Ancient Egyptian regnal name

The prenomen, also called cartouche name or throne name (𓆥 nswt-bjtj "of the Sedge and Bee") of ancient Egypt, was one of the five royal names of pharaohs. The first pharaoh to have a Sedge and Bee name was Den during the First Dynasty.

Most Egyptologists believe that the prenomen was a regnal name.

The first part of the title, ni-su, seems to have referred to the eternal institution of kingship itself. It was, in fact, the word for "king" in expressions[.] The word bjt, on the other hand, more properly referred to the ephemeral holder of the position. In this way, both the divine and the mortal were referenced in the phrase, along with the obvious dual division of the northern and southern lands. For these reasons, the translation "Dual King" is preferred today.
 Others think that it originally represented the birth name of the rulers.

The term "of the Sedge and Bee" is written by the hieroglyphs representing a sedge, representing Upper Egypt (𓇓 Gardiner M23) and a bee, representing Lower Egypt (𓆤 L2), each combined with the feminine ending t (𓏏 X1), read as nsw.t and bj.t respectively; The adjectival nisba ending -j is not represented in writing.

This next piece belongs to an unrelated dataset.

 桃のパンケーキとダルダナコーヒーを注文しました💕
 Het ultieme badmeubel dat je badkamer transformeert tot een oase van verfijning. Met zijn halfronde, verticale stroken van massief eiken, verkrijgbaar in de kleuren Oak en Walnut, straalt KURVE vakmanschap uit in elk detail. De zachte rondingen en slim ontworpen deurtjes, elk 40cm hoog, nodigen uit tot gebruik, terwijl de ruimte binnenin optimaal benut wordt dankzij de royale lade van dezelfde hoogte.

During the first three dynasties, the prenomen was depicted either alone or in pair with the Nebty name. Semerkhet was the first pharaoh who devoted his prenomen to the Two Ladies. From Pharaoh Huni, the probable last king of the Third Dynasty onward, the prenomen was encircled by the cartouche (the elongated form of the shen ring).

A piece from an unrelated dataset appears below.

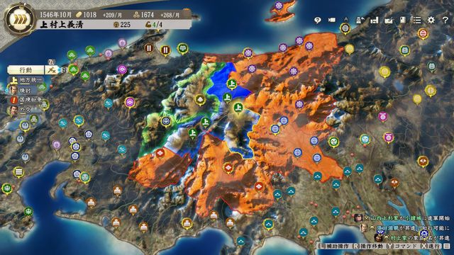 おまけに固有政策で制圧した郡の農村と市を掌握でき、氏康は制圧した郡の掌握状態を解除しない固有特性があり良い事尽くし。

For most of history of Egypt, the title was written in a male form, regardless of the ruling pharaoh's gender. A feminized version - nsjt bjtjt - is attested only for the last female Pharaoh, Cleopatra VII.

== Title ==
The nswt-bjtj title is recorded from the time of the First Dynasty. It is conventionally paraphrased as "Dual King" or "King of Upper and Lower Egypt", but its literal interpretation would be "[He of] sedge [and] bee". The t hieroglyph (X1) is archaically read as tj, so that in Old Egyptian the transliteration of the title would be nsw.tj-bj.tj.

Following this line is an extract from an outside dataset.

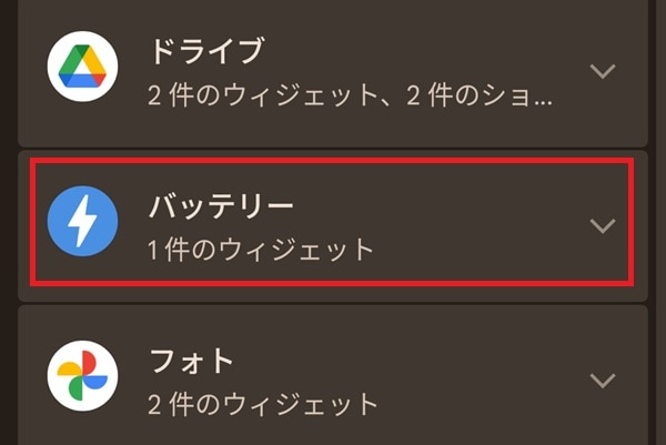 3.一覧からウィジェットを追加したいアプリをタップして、プルダウンを開く

The spelling sw.t.n in the Old Kingdom was initially interpreted as representing swtn or stn (now deprecated). Kurt Sethe later proposed the interpretation of n-swtj as "belonging to the Sut-plant".
The prepositional n is omitted in the spelling sw.tj. The term nswt is used in reference to the king, but not as a title placed before a royal name. A rare variant form spells nswt as nzw.

In the Amarna Period, an Akkadian cuneiform transliteration of the title is recorded, as in-si-bi-ya, representing a Late Egyptian pronunciation of approximately [ɪnsəˈβiːjaʔ]. Schenkel (1986) cites a reconstruction of an older Egyptian form, based on the cuneiform, as *jinsiw-bījVt, where V is an unknown vowel. This would seem to cast doubt on the widespread reading of n(j)-sw.t bj.tj, because a t in this position is preserved in Coptic, and would not have been omitted in cuneiform. Schenkel and Peust (2007) have also questioned the derivation of nswt from swt "sedge", considering the swt-graph to be a borrowed sound rather than the emblem of Upper Egypt. In this case, nsw(t)-bjt(j) would simply be a combination of two words meaning "king".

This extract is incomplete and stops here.